LABTips: How to Prevent Tailing Peaks in HPLC

Peak distortions are a common and frustrating problem when performing chromatographic experiments, and peak tailing in high-performance liquid chromatography (HPLC) is one of the most frequent distortions that can occur. One of the challenging aspects of tailing peaks is that they can be caused by a range of different factors, so accurately diagnosing the problem as well as mitigating risks across your entire process are necessary to prevent further distortions. If your HPLC peaks look more like skateboard ramps than the nice Gaussian curve we all like to see, follow these tips to help identify the root of the problem and restore symmetry to your chromatograms:

1. Buffer up and bring down the pH

One of the main culprits of peak tailing in reversed-phase LC, in cases where only one or a few peaks are distorted, is secondary interactions between basic analytes and residual silanol groups on the stationary phase. One of the best ways to resolve this issue is to lower the pH of the mobile phase to about 3.0 or lower, which will protonate the ionisable silanol groups and prevent secondary retention.¹ Utilizing low pH additives and buffer salts such as 0.1% formic acid and ammonium formate or ammonium acetate can help you achieve this effect and are compatible with LC-MS.² Because there is a risk of silica dissolution at pH levels below 3.0, be sure to use a column designed to withstand these acidic conditions. 

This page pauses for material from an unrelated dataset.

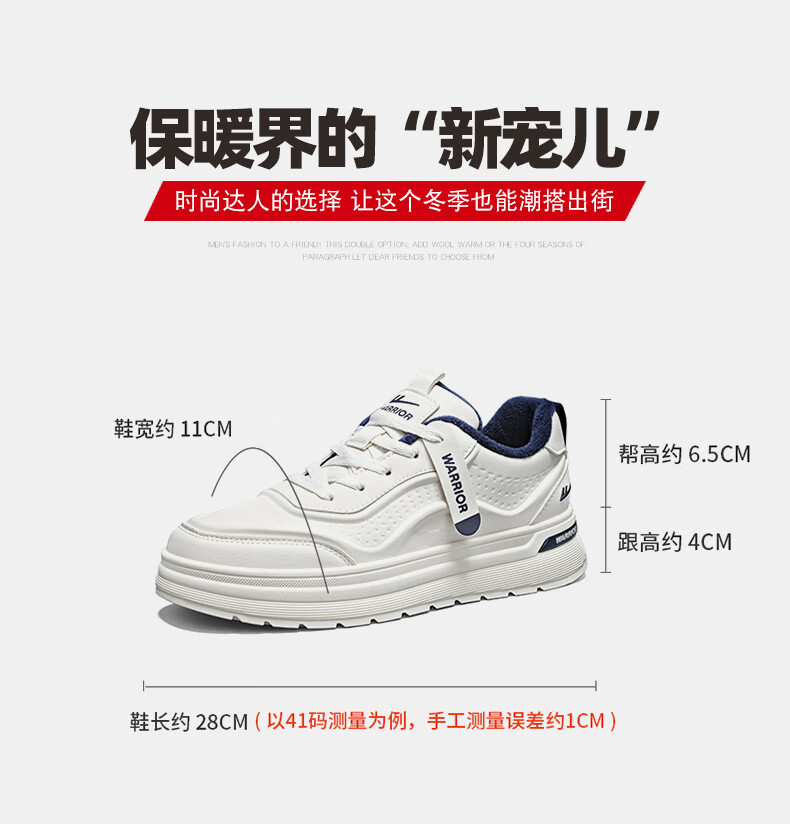 Warrior men's shoes white shoes thick sole casual sports shoes men's sneakers 2938 meters / blue 42

Even at a higher (neutral) pH, smart use of buffers can improve peak shape and mask silanol interactions. For example, increasing phosphate buffer concentration from 10 mM to 25 mM at pH 7.0 reduces peak tailing for LC-UV applications by increasing ionic strength of the mobile phase.³ However, buffers used for LC-MS should be kept at concentrations below 10 mM to prevent ion suppression, and higher buffer concentrations used for LC-UV could lead to buffer precipitation depending on the solvent used and the ratio (%B). Pay attention to the solubility of your buffer in your solvent and try a solvent like methanol rather than ACN or THF for better results when increasing phosphate concentration. 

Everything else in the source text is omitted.